● **AIM OF THE EXERCISE**
Beginning at the line that contains "這陣子疫情的關係,許多餐廳紛" and finishing at the line that contains "The house will", output the data below exactly. Include both end lines and no pictures.

● **INFORMATION**
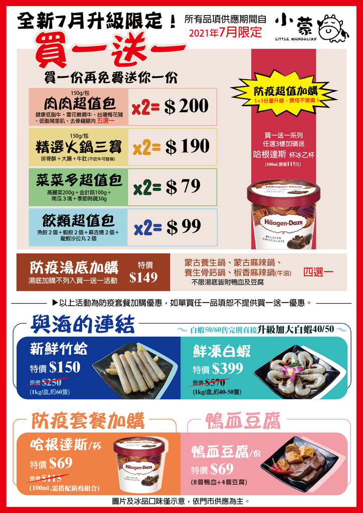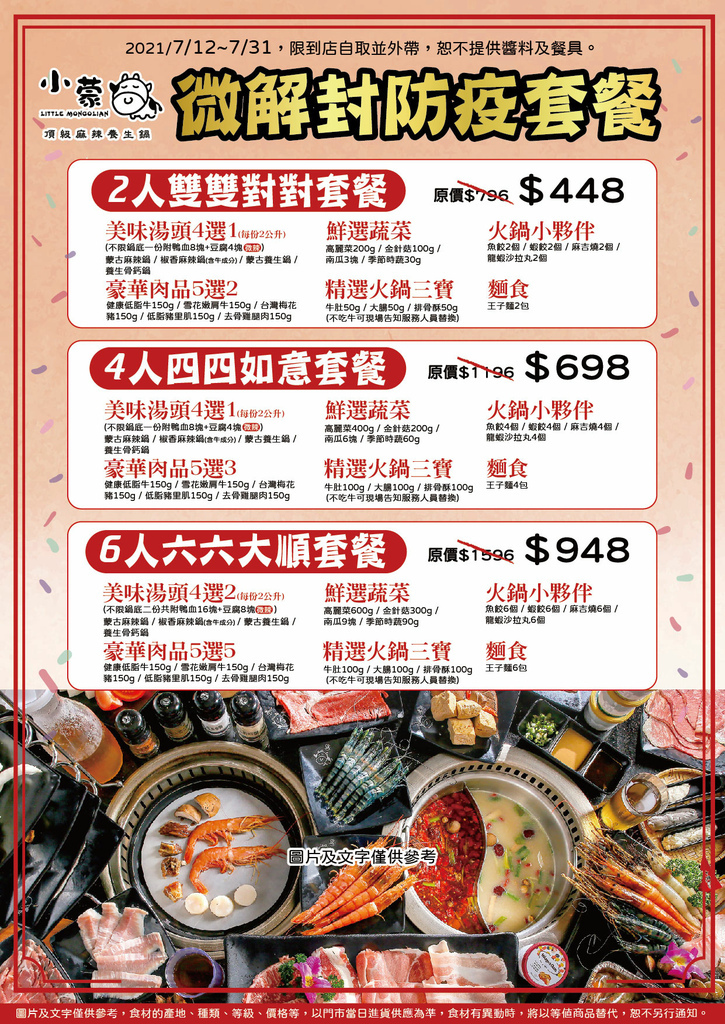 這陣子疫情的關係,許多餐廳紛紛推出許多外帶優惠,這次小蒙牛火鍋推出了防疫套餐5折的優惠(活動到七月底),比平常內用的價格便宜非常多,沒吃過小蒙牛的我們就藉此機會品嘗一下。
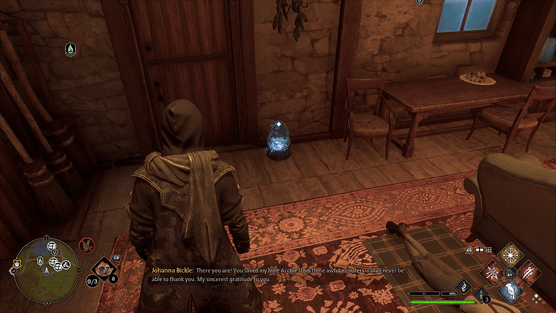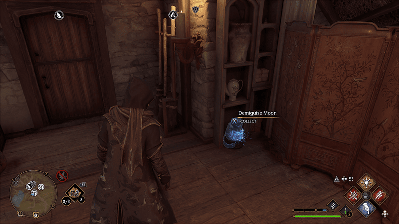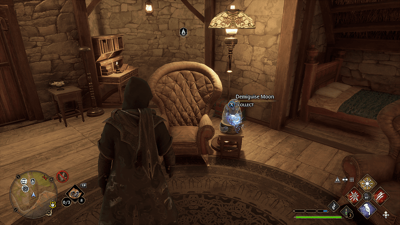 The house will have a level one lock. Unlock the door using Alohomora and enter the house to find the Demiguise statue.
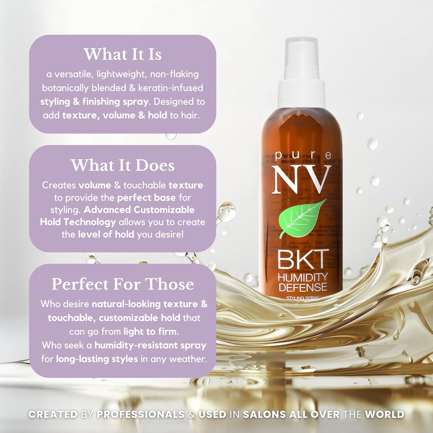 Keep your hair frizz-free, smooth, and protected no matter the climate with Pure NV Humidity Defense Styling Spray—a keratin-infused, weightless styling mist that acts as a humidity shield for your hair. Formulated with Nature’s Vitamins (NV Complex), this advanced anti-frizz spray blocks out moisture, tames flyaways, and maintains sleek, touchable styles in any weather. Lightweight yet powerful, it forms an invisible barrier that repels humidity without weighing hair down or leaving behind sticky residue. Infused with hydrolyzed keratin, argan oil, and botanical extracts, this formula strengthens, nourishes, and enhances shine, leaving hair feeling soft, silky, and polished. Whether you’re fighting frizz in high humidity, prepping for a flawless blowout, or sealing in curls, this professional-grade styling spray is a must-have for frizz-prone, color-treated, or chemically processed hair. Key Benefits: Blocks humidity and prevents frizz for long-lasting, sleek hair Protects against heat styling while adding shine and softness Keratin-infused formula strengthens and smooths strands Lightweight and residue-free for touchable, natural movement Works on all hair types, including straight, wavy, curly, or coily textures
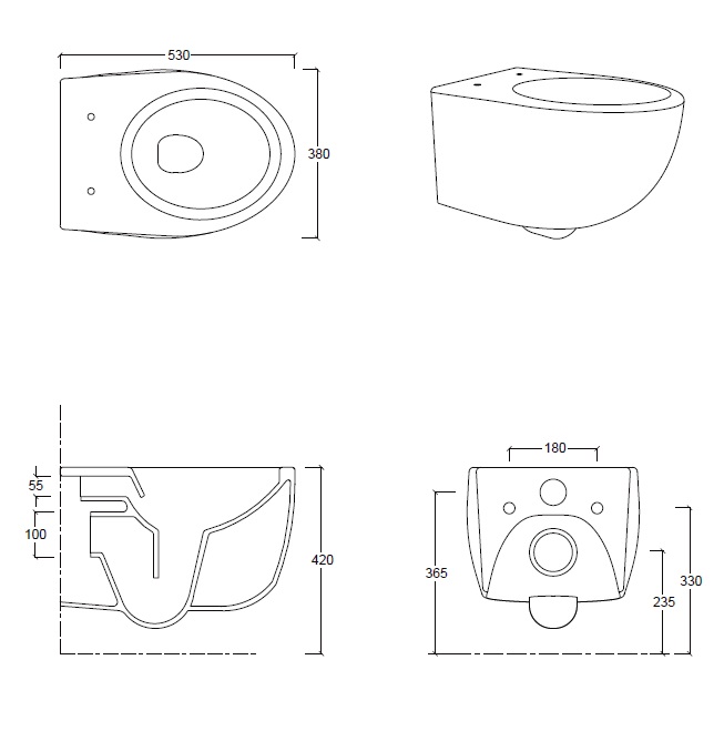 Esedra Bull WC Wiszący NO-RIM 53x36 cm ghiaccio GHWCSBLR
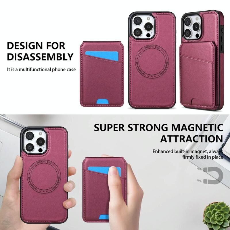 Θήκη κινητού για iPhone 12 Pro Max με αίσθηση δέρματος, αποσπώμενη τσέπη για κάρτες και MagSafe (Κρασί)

--

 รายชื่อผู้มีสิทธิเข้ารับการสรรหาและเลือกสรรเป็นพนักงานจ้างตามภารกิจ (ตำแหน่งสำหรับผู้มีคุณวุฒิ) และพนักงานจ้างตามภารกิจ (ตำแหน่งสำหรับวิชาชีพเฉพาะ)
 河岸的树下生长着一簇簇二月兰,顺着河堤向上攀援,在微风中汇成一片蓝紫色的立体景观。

---

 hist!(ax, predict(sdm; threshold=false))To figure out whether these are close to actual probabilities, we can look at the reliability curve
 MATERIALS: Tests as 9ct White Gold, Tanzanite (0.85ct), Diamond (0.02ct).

● **ANSWER BOX**
 這陣子疫情的關係,許多餐廳紛紛推出許多外帶優惠,這次小蒙牛火鍋推出了防疫套餐5折的優惠(活動到七月底),比平常內用的價格便宜非常多,沒吃過小蒙牛的我們就藉此機會品嘗一下。
 The house will have a level one lock. Unlock the door using Alohomora and enter the house to find the Demiguise statue.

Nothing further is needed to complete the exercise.